Location: | You will be based at Avon’s corporate headquarters in Chiswick Park, United Kingdom (“UK”). You must be able to legally reside and work in the UK. You may be required to work at other Avon sites, and you may be required to travel domestically and internationally for business purposes from time to time (see “Flexibility” below). |
Relocation: | Your relocation benefits will be provided under Avon’s Permanent International Transfer Policy - Tier 1 (the “Permanent Relocation Policy”), as may be in effect from time to time. Your relocation benefits include: |
• | Differential rental housing allowance for two (2) years. |
• | Reimbursement for certain expenses (including temporary living expenses, destination services, work permit fees, tax preparation and shipping fees). |
• | Relocation allowance. |
• | Tax gross-up on such benefits, to the extent applicable. |
Your relocation benefits are only payable provided you remain employed by Avon and are subject to the terms and conditions of the Permanent Relocation Policy, which will be provided to you.
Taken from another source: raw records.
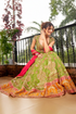 The Zunairah Naureen Anarkali Set is crafted with luxurious shimmer organza and cotton silk fabric in a gorgeous lime green shade, with intricately embroidered classic Indian motifs. The grace of this set originates from the Mughal art-inspired motifs, the orange and pink-toned broad border, and the graceful green and coral pink shade of the anarkali and odhni- making this a truly one-of-a-kind find for your festive moments.
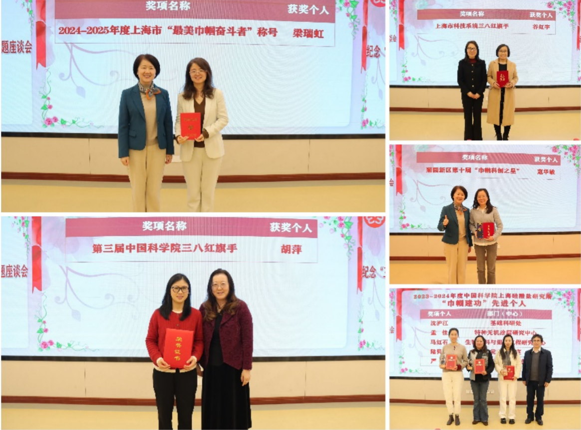在3月11日的座谈会上,隆重表彰了2024-2025年度上海市“最美巾帼奋斗者”、第三届中国科学院三八红旗手、上海市科技系统三八红旗手、菊园新区第十届“巾帼科创之星”以及2023-2024年度研究所“巾帼建功”先进个人等。
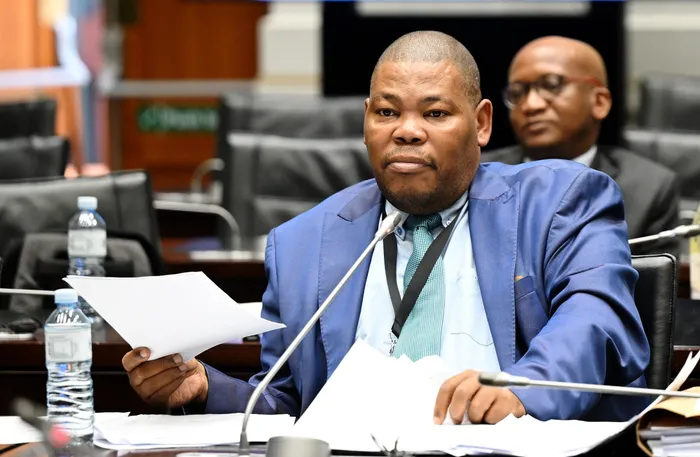 Former National Prosecuting Authority prosecutor Advocate Michael Mashuga testifying before the Ad Hoc Committee on Wednesday.
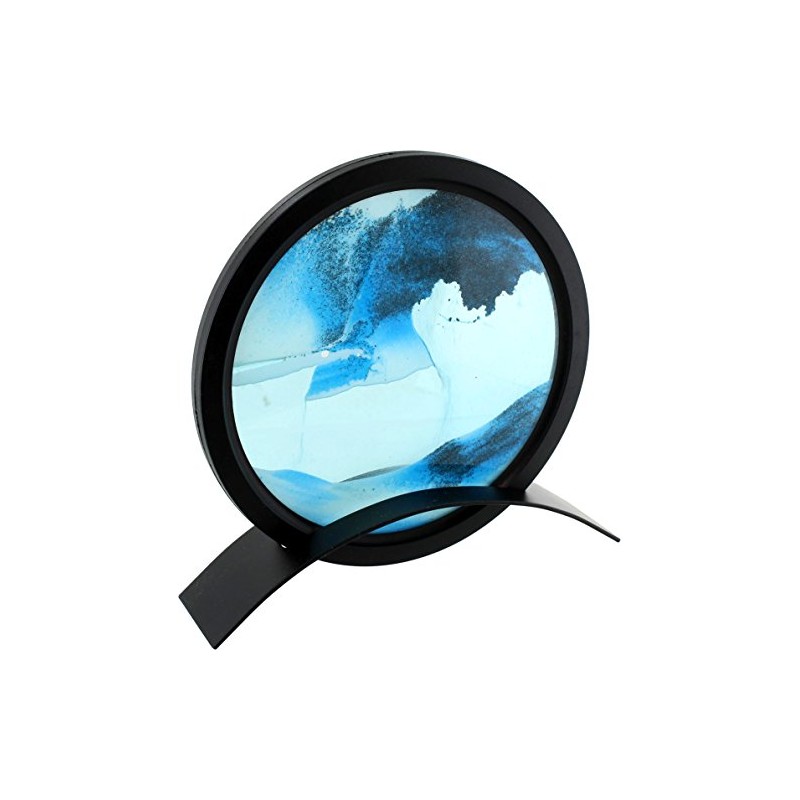 - Blue circle sand art creates mountain, ocean, valley and dune patterns as the sand trickles down
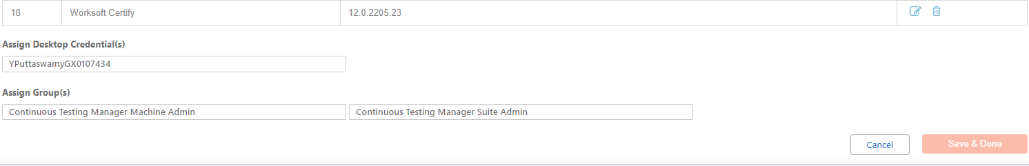 After that needs to click on Edit button in Action column, Assign Desktop Credentials.
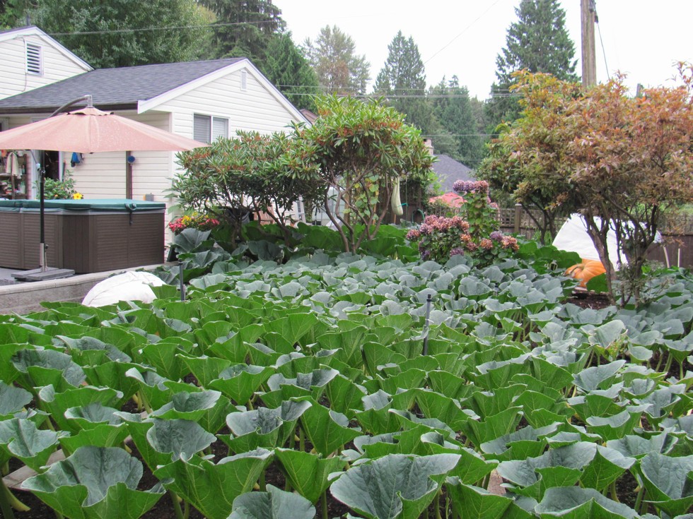 Now the rain comes down. 1126 fruit has been going Comando with no rain protection since I took down the first one that was way too small. 1124 pumpkin off in the distance below, has its rain protection so all is good there.
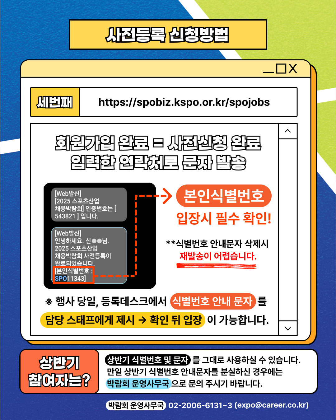 5. ±â¾÷ȸ¿ø, ÆÄ°ß¡¤´ëÇàȸ¿ø, ¼Ä¡Æßȸ¿øÀÌ ¡°2025 ½ºÆ÷Ã÷»ê¾÷ ä¿ë¹Ú¶÷ȸ¡±ÀÌ Á¦°øÇÏ´Â À̷¼ ¿¶÷¼ºñ½º¸¦ ½ÅûÇÏ¿© ÀÌ¿ëÇÒ °æ¿ì, ¡°ÀÌ¿ëÀÚ¡±°¡ °ø°³ÇÑ À̷¼ÀÇ ¸ðµç ³»¿ëÀ» ¿¶÷ÇÒ ¼ö ÀÖÀ¸¸ç, ¡°ÀÌ¿ëÀÚ¡±´Â À̵é ȸ¿ø¿¡°Ô ÀÔ»çÁö¿ø¿äû, ¸éÁ¢Á¦ÀÇ µîÀÇ À¯¼±ÅëÈ, e-¸ÞÀÏ ¹× SMS¸¦ ¹ÞÀ¸½Ç ¼ö ÀÖ½À´Ï´Ù.
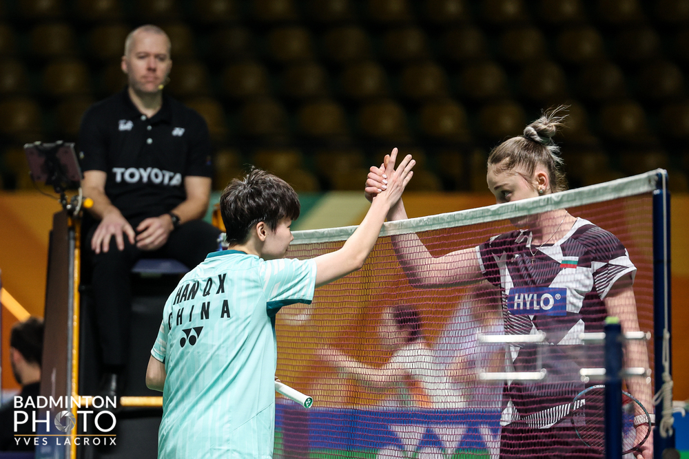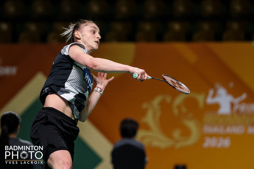 Występująca obecnie w polskiej Ekstralidze Badmintona — Yonex 19-letnia Bułgarka Kałojana Nałbantowa (fot. 1-2) urwała seta Chince Han Qian Xi (fot. 2) w pierwszej rundzie rozgrywanego w Bangkoku turnieju badmintona PRINCESS SIRIVANNAVARI Thailand Masters 2026 (HSBC BWF World Tour Super 300, 250 tys. dol.).
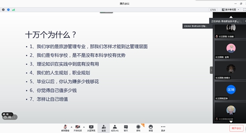 讲座中,赵芮以《未来旅游行业发展——创业者之路》为题,从传统旅游与新型旅游之间的差异切入,结合自己择业创业经历,以小确茶的创业案例,深入浅出、生动具体地讲述了创业道路面临的各种问题、创业成功因素、创业团队的成长等方面的内容。她最后鼓励学弟学妹们要做好职业生涯规划,成为更好的自己。在互动中,同学们纷纷表示通过聆听赵芮的讲座,收获良多,将进一步思考学习与工作的关系,为日后开展创业实践做好准备。
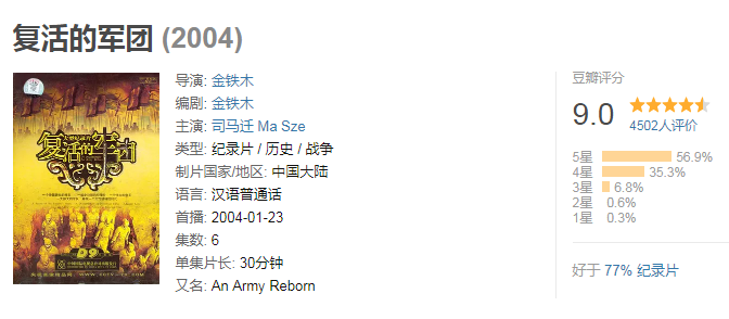 不知道大家去没去过秦始皇帝陵博物院,见没见过秦兵马俑?70年代出土的兵马俑,给全世界人民还原了一支强大又神秘的军队。如果你想了解2000多年前的中国,想了解大秦帝国、大秦军队和大秦文化,这部纪录片就很合适。共6集三小时内,给我们讲述了秦军团的昔日荣光。

Remuneration: | Method of Payment |
You will be paid monthly in arrears by or on the last working day of each month by direct credit transfer to your bank or building society account.
Base Pay Review
Your base pay will be reviewed annually based on performance.
Deductions
You hereby authorise the Company to deduct from your remuneration (which for this purpose includes salary, pay in lieu of notice, commission, bonus, holiday pay and sick pay) all sums owed by you to the Company or any Group Company.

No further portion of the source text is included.